I’m just getting started with embedded systems and don’t know yet how to evaluate this decision (PRU vs eCAP).

Thank you very much.

Chris_Micali · April 10, 2013, 8:40pm

I’m using the PRU to do something like this now at rates between 1-2MS/s (16-bit samples.) It has been non-trivial though… prepare for some work if you end up going down this route. That said, apart from eCAP (which I don’t know much about) I could not find another way to do this.

Rafael_Machado · April 11, 2013, 4:12am

Chris,
This just gave some hope. At least I know it is possible to do this with a Beaglebone.

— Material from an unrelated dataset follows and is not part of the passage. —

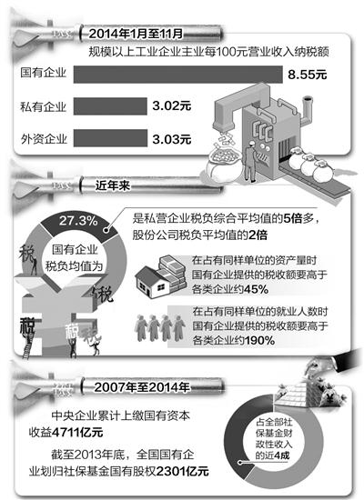 近日,在2014國有企業改革發展研討會上,國務院國資委研究中心主任楚序平表示,從2014年1月至11月中國規模以上工業企業主業每100元營業收入納稅率來看,國有企業稅負為其他企業的兩倍多,這一觀點引發熱議。 此前,有學者通過近幾年的數據研究得出,國有企業的稅負明顯高于其他類型企業。中國企業改革與發展研究會副會長李錦認為,在推進國企混合所有制改革和鼓勵民資進入壟斷性行業的背景下,如何實現國企與私企、外企稅負的平衡,為國企建立公平競爭環境是有關部門面臨的重要問題。 辯證看待稅負比例高 不久前公布的2013年中國私營企業500強納稅共計是4744億元,而中石化一家便達3363億元。2014年7月28日,財政部公布了“2013年全國國有企業財務決算情況”則更為全面清晰地顯示了國企稅負。報告顯示,2013年,全國國有企業(非金融類國企)上繳稅費3.8萬億元,比上年增長5.4%。 “可以計算一下,3.8萬億元除以2013年全國總稅收110497億元,全國非金融類國企納稅額占全國總稅收的34%。假設金融類國企納稅總額與非金融類國企持平,那么所有國企納稅總額占全國總稅收便是68%。假設金融類國企納稅總額只有非金融類國企的一半,所有國企的納稅總額也超過了全國總稅收的50%。”李錦說,“國企只占整個經濟規模的四分之一,從業人員僅占五分之一,但是國家的稅收有一半要靠國企。” 他分析認為,國企納稅占比高,主要因為國企管理更規范,稅收征管機制更健全。而近年來隨著國企公司治理結構的完善和管理水平的提升,競爭機制贏得發展實力,國企的利潤創造能力和稅收貢獻水平有了明顯提高。同時也應當承認,高稅收很多集中在某些特定行業,例如,資源壟斷行業往往需要繳納高額特殊稅種,這恰好又是央企集中的行業。國企利潤和納稅方面的快速增長,反映出我國過度依賴投資的經濟內生性結構失衡問題。 同時要看到的是,我國民營企業解決了75%以上的城鄉就業和90%以上的新增就業。國民共進是我國當前全面深化改革的重要立足點。 國企貢獻的不止是稅金 國企納稅貢獻只是國企履行社會責任的重要方面之一。長期以來,國有企業堅決服從中央宏觀調控,落實國家決策、保障經濟安全,保持了快速發展的良好勢頭。在國家和社會遭遇重大自然災害和危機時,國企沖鋒在前。 2007年至2014年,中央企業累計上繳國有資本收益4711億元。截至2013年底,全國國有企業劃歸社?;饑泄蓹?301億元,占全部社保基金財政性收入的近四成。2013年,中央企業結對幫扶239個國家扶貧開發工作重點縣。 在新常態下,國有經濟發展擔負著更加重大的歷史使命。服務國家戰略,國企新增投資額非常大,例如“一帶一路”等戰略落地需要投入支撐。 需要看到的是,目前國有企業的歷史遺留負擔還很重。推進剝離企業辦社會職能和解決歷史遺留問題,也需要建立成本合理的分擔機制。 厘清身份很重要 多年來,國企以利潤訴求為重還是以公共利益為重的爭論一直不斷。不同的目標,意味著不同的評價體系。只有厘清身份困惑,才能明確發展方向。這也是今年國企改革的一項重要內容。 “要為下一步國有企業公平參與市場競爭提供公正的平臺。”楚序平說。他認為,要深入做好準確界定不同國有企業功能工作,完善整體的配套評價體系;要對不同類別國有企業,明確主要特點、發展目標、改革方向,分類推進改革調整,加強分類監管、分類考核;進一步明確國有企業的國家所有權政策,明確國家對國有企業的重要政治目標、經濟目標和社會目標,明確對具體中央企業的商業目標,包括保值增值、經濟增加值等財務指標。他強調,“在分類之后,亟須盡快建立對國有企業的科學評價體系。” 李錦認為,隨著混合所有制改革和鼓勵民資進入壟斷性行業步伐的加快,國企與民企、外企處在同一條競賽起跑線上。90%以上央企都將劃分為商業競爭類。混合所有制改革后,企業營業收入的納稅率怎么確定,怎樣協調推進國企改革與財稅體制改革,進一步完善財稅體系,是個新議題。 作者:李予陽(本文章摘自1月6日《經濟日報》) |

Do you have any sources or materials to share with me
besides the resources on https://github.com/beagleboard/am335x_pru_package

I still don’t know yet if I should go through this route or the eCAP one
(I also didn’t try yet to put xenomai or some RTOS over my current ubuntu arm)

Thank you

Chris_Micali · April 11, 2013, 5:56pm

Rafael,

This blog post helped me a lot: http://blog.boxysean.com/2012/08/12/first-steps-with-the-beaglebone-pru/

I’ve also posted a DDR example here: https://github.com/sagedevices/am335x_pru_package/tree/master/pru_sw/example_apps

Also the TI wiki has been helpful: http://processors.wiki.ti.com/index.php/Programmable_Realtime_Unit and http://processors.wiki.ti.com/index.php/PRU_Assembly_Instructions

http://hipstercircuits.com/ has had a couple great PRU posts also

-c

Rafael_Machado · April 12, 2013, 3:26am

Thanks Chris.
I’m certainly going to dig down those links.

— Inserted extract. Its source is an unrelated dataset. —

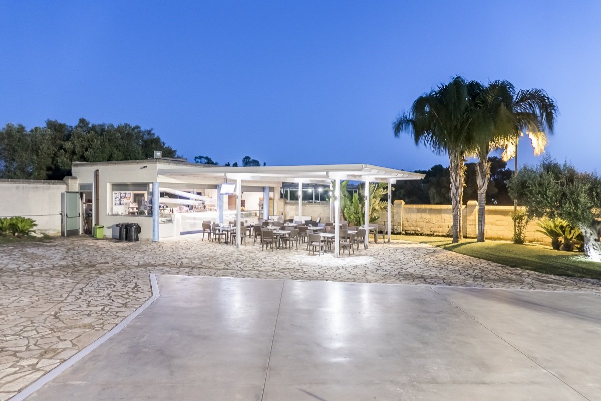 Servizi: A disposizione degli ospiti un ampio parcheggio ombreggiato e video-sorvegliato. Ristorante nel corpo centrale, cuore del Resort, che ricorda proprio le antiche masserie del Salento. Ristorante con servizio al tavolo con scelta tra due primi e due secondi di carne e pesce., buffet di antipasti e insalate, frutta e dolci. Ricca colazione servita nella sala interna, con prodotti salentini e internazionale. Serata tipica pugliese una volta a settimana dove si potranno gustare i piatti tipici della tradizione salentina e pugliese. Ottima selezione di vini locali da scegliere per i pasti.

In additional to that, I’d like to put another complementary question in this this thread:

The 30us bottleneck I mentioned in the very first message is actually T=30.5717 us
Well … T^-1 = 32.768KHz, which is somewhat of a canonical number, mentioned several times in the TRManual (http://www.ti.com/lit/ug/spruf98x/spruf98x.pdf ),
such as precisely the de-bouncing timer frequency for a given GPIO in input mode.

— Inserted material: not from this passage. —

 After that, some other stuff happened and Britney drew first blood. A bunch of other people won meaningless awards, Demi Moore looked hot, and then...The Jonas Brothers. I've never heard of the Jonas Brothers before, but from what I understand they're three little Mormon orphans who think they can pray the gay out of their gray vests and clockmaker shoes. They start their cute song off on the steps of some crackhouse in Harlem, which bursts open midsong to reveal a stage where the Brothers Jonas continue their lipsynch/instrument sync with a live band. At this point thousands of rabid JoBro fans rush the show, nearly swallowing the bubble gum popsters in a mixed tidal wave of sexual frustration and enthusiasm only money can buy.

Do you guys have any though on this ? It cannot be just mere coincidence.

@Chris:
Are using PRU to control how many input gpio ?
I think I read in another topic of a certain 48 gpio limit.

Thank you

Rafael_Machado · April 12, 2013, 2:25pm

ops… wrong technical reference link
http://www.ti.com/litv/pdf/spruh73g is the correct one

Rafael_Machado · April 13, 2013, 4:05am

Hi. I’ve (re)tried the experiment.
This time I’m reading values in the scope instead of relying in plain software sampling time calculation (nanosleep, clock_gettime, etc).

I’d like to share some results.

Scope Images: http://share.pho.to/1oteV

The experiment idea is quite simple:
An input gpio is reading an square wave externally generated (scope CH2 - blue wave)
and another output gpio is configured to “mirror” this input just read (this gpio is connected to scope CH1 - yellow wave).
Conceptually, there are just two consecutives code lines inside of a main infinite loop.

The conclusions are as following:

The initial overhead to read the square wave and write back to another gpio is always >=760ns
For each additional input code line before the output code line (i.e., we are increasing the gpio input payload) there is an observed 80ns increase in the phase difference of CH2 and CH1.

This 80ns increase is pretty much constant across experimentations (i.e, for an additional 4 inputs, there is an ~300ns increasing).

Any external square wave (CH2) of f<500KHz is captured and mirrored back to CH1 with
a good frequency match (approximately the same as the inputted square wave freq).
Anything beyond that and the sampling is compromised (frequency mismatch, high level for too long, low level for too long, etc).
For any input square wave (CH2) with f<=200Khz, the phase difference (between CH1 and CH2) is small (<25% of total period time).
For anything beyond that freq value, phase difference is >25% of total period time.

Now, the most intriguing observed fact:

The time values absorved by the software are always >=30.571 us (32.768Khz).
This sampling period is obsviouly wrong, since I’ve read it the actual value on the scope.

Chris_Micali · April 14, 2013, 6:27pm

Rafael,

I’m using about 10 pins out for the PRU I think, mostly outputs but a couple inputs. The beaglebone only has a subset of the PRU pins brought out and available but i think you could get up to 16-20 PRU I/O pins… don’t fully remember. You can find the exact # by using the TI Pinmux Tool and the beaglebone SRM to see which pins are available on beaglebone headers

-c

randy_rodes · April 15, 2013, 5:02pm

can anyone share some _REAL_ code wrt PRU work with GPIO sampling you are doing?
I am quiet interested to see how it works and may be able to make use
of it as well.

thanks in advance
Randy